The custom track function helps the user display their private data; this is very useful as the custom tracks behave in the same way as native tracks. Users can visualize their custom track alongside the native tracks, and apply all analysis and visualization techniques, for example running juxtaposition with a custom genomic feature track. Data must be prepared into binary, indexed file formats (bigWig, or bigBed as described in Kent WJ, 2010, and BAM as described in Li H, 2009), and the files will be placed on a web server for access. Such network-based file access is fast and secure, as only the small portion of data used for display is read and transmitted and never requires any file upload. Fortunately, the preparation procedures of custom track files are standardized and require only modest hardware investment and routine bioinformatics skills.

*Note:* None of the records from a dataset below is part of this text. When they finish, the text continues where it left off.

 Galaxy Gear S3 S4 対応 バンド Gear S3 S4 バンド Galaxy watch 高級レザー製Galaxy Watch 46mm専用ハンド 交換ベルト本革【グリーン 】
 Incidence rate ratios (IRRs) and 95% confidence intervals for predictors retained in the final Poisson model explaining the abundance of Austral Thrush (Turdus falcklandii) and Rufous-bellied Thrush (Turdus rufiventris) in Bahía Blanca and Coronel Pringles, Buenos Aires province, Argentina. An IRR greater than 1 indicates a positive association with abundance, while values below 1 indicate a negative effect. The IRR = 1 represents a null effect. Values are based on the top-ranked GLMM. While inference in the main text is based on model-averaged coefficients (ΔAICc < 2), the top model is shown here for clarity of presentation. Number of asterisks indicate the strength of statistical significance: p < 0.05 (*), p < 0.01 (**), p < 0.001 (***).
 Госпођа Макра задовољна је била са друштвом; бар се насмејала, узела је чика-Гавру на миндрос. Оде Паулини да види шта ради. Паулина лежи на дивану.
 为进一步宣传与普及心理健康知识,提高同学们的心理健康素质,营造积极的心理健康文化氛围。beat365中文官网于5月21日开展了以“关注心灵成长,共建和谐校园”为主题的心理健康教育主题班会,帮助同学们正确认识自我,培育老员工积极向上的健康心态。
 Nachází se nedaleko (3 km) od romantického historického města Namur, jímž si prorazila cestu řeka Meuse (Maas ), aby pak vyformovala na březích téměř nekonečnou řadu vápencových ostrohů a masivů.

The dataHUB function is a natural extension of the custom track function. With dataHUB, the user can organize all of his/her custom tracks in one place, and display them on the Browser with one single step instead of laborious one-by-one uploading. Tracks inside a hub can be a mixture of types (quantitative data, annotation data, read alignment) and are not restricted to be on the same web server or host. Moreover, users can define custom metadata and annotate tracks to intelligently identify and organize everything in the hub. The dataHUB function doesn’t restrict the number of tracks in a hub and is a light-weight, yet powerful tool for building centralized collections of genomics data on the web.

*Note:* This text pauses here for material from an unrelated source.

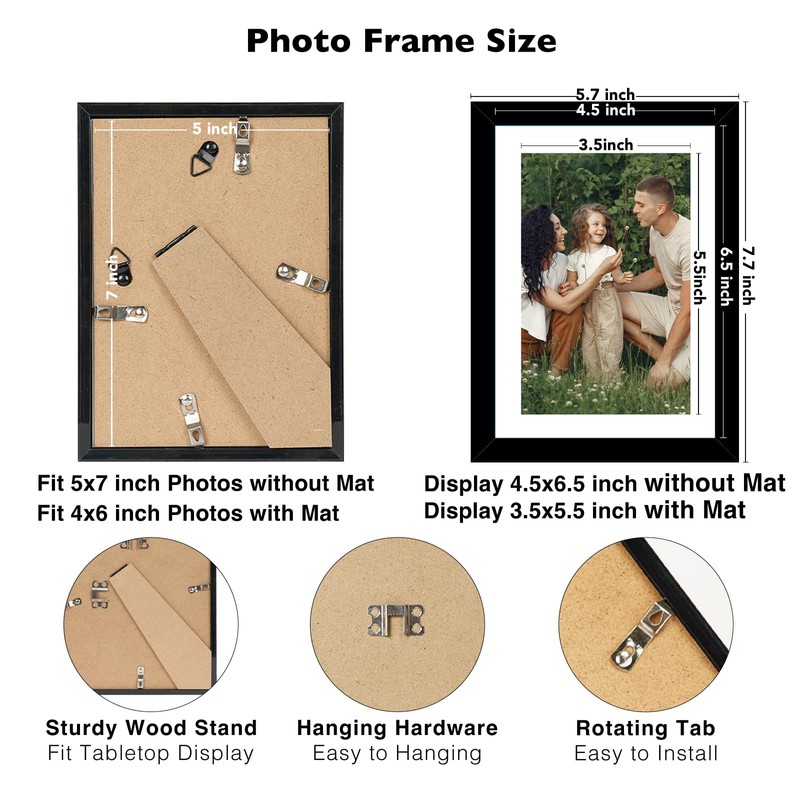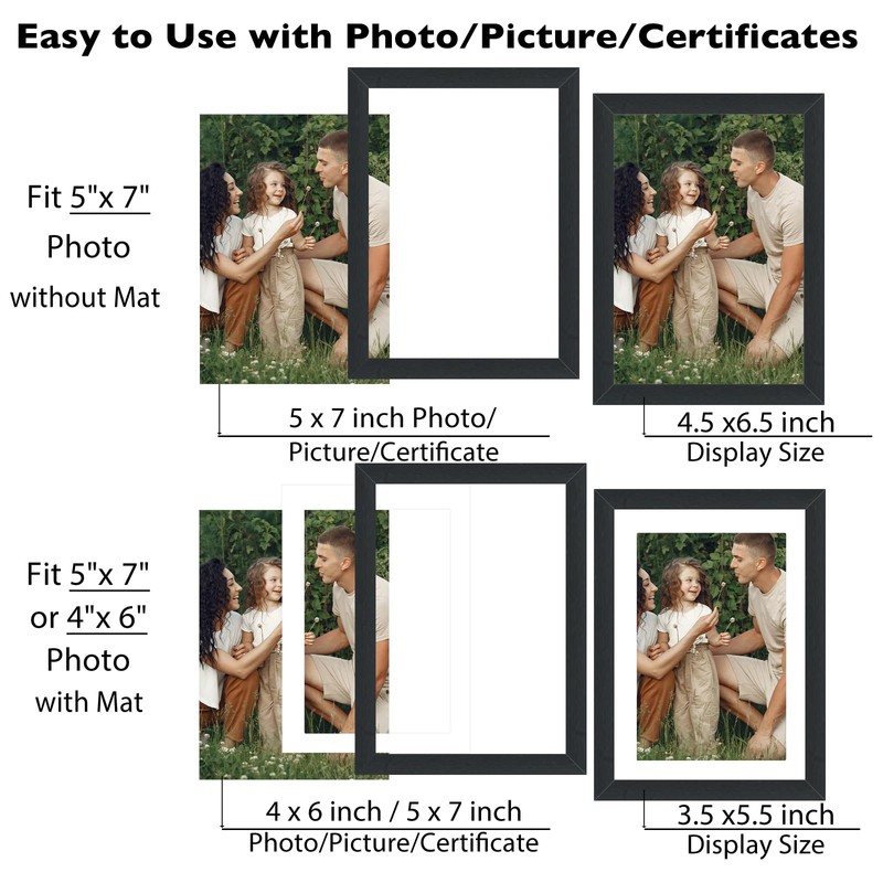 - FRAME SIZE: The black wall picture frame fits 4x6 inch and 5x7 inch photos pictures, simple and stylish. Please Note: 5x7 picture frame opening display will be 0.5 inches smaller than the photo to better hold the photo to prevent slipping.

These functions create a record of the user’s browsing status. Via the URL parameters, the user can control the contents displayed in the Browser, such as genome assembly, set of tracks, and genomic position on which to show the data. Users can compose such a URL and share their customized contents. Alternatively, session functions can be used to record a user’s browsing status. This saves a user’s status in a database on the server that can be retrieved by a session ID. Saved session information can be kept in the database for a limited time period, usually 3–6 months, and the URL parameter has virtually unlimited life span and is a preferred way of making one’s browsing status permanent.
The Wash U Epigenome Browser is always under active development in order to adapt to the fast-paced field of genome science. New feature releases, bug fixes, and adjustments to existing features happen regularly. Users can always refer to our online manuals for up-to-date instructions at http://epigenomegateway.wustl.edu/browser/manual/, and are recommended to subscribe to our blog (washugb.blogspot.com) or twitter feed (@WashUGBrowser) to receive news and announcements.

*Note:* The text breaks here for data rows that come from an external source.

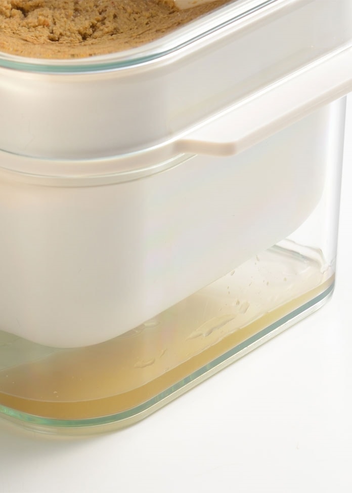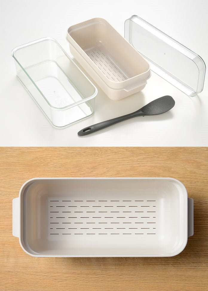 一個用於醃製蔬菜的容器,有一個排水縫隙孔,可以適度地自然排出蔬菜中的水分。 時尚、簡單、緊湊的設計,大小剛好可以容納1公斤的發酵包穀,可以輕鬆地放在冰箱裡。它有一個類似玻璃的透明外容器,因此你可以立即檢查麩皮的狀態和釋放的水分。蔬菜中多餘的水通過內部容器的縫隙孔自然排出外部容器。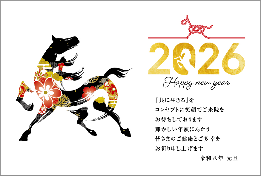 「共に生きる」をコンセプトに、笑顔でご来院をお待ちしております。輝かしい年頭にあたり、皆様のご健康とご対応をお祈り申し上げます。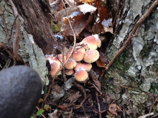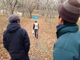テントを張り終えたころ、ガサッ、ガサッっと落ち葉を踏みしめながら「お、この辺ね、キノコがあるんだよ」と、おじさんがスーパーの袋にキノコを入れて登場。「食えんのすか?」と問うてみましたら、「うんだ。栗茸(クリタケ)だ」と生えてるところを見せてもらいました。僕が抜いたキノコも袋に入れて、そのまま帰って行きました。(みちあり)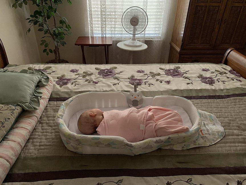 I picked one up before getting to our AirBnB that night and was so glad I did. Combined with the portable sound machine, the co-sleeper created an environment similar to her bassinet at home AND I could bring it with me to my aunt’s house for her naps (pictured below).
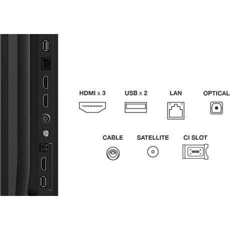 LED televize, úhlopříčka 75"/189 cm, OS Google TV, 4K - UHD 3840 × 2160, obnovovací frekvence 60 Hz, UHD UPSCALER, výkon reproduktorů 30 W, 2x USB, 3x HDMI, LAN, Wi-Fi, BT, Apple TV, Netflix, Disney+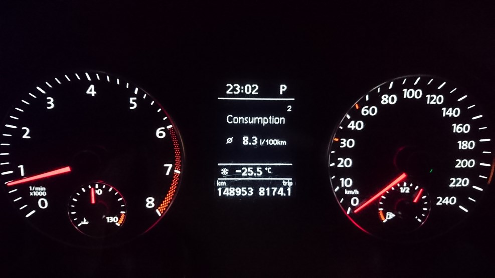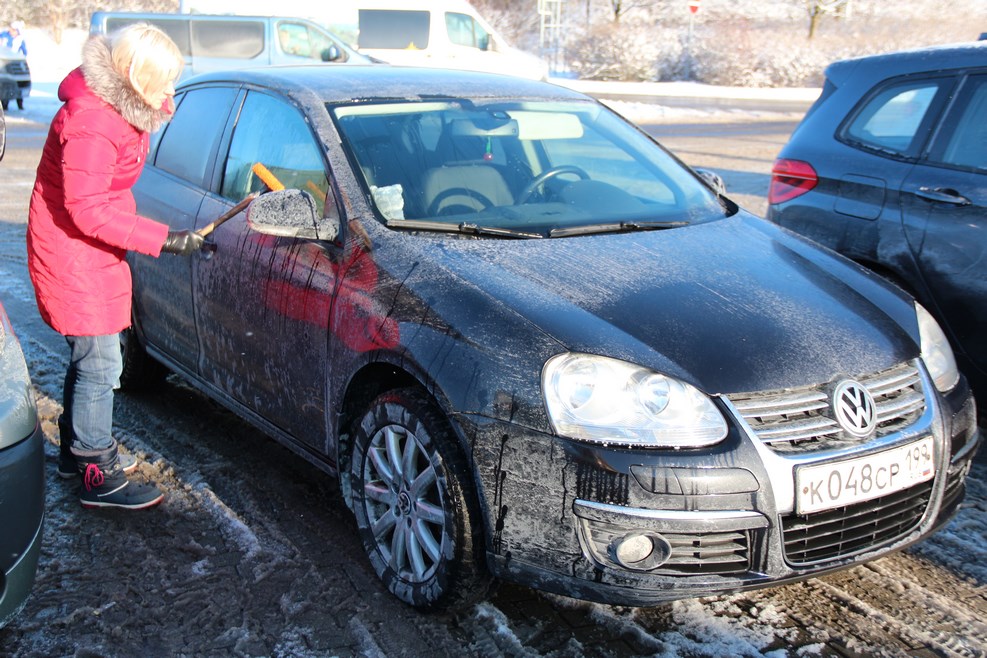 Машина с утра никак не хотела ехать. Из-за большой минусовой температуры еще до поездки у нас стала переходить в аварийный режим коробка DSG. То же самое произошло и в этот день. Мы конечно малость напугались, уж очень не хотелось ремонтировать машину за евро, но после того как заглушили машину и снова завели, она все-таки поехала. В дороге:

We thank Dr. David Haussler, Dr. James Kent and their UCSC Genome Browser team for critical advice on browser development. We also thank Dr. Joseph F. Costello at UCSF, Dr. Xiaole Shirley Liu at Harvard Medical School, and Dr. Pamela Madden at Wash U for helpful discussions and support. Dr. Heather Lawson and Ms. Rebecca Lowdon helped with manuscript revision. We would especially like to thank the anonymous reviewer who offered constructive comments. X.Z. is supported by NIDA’s R25 program DA027995. T.W. is supported in part by NIH grant 5U01ES017154, the March of Dimes Foundation, the Edward Jr. Mallinckrodt Foundation, P50CA134254 and a grant from the Foundation for Barnes-Jewish Hospital.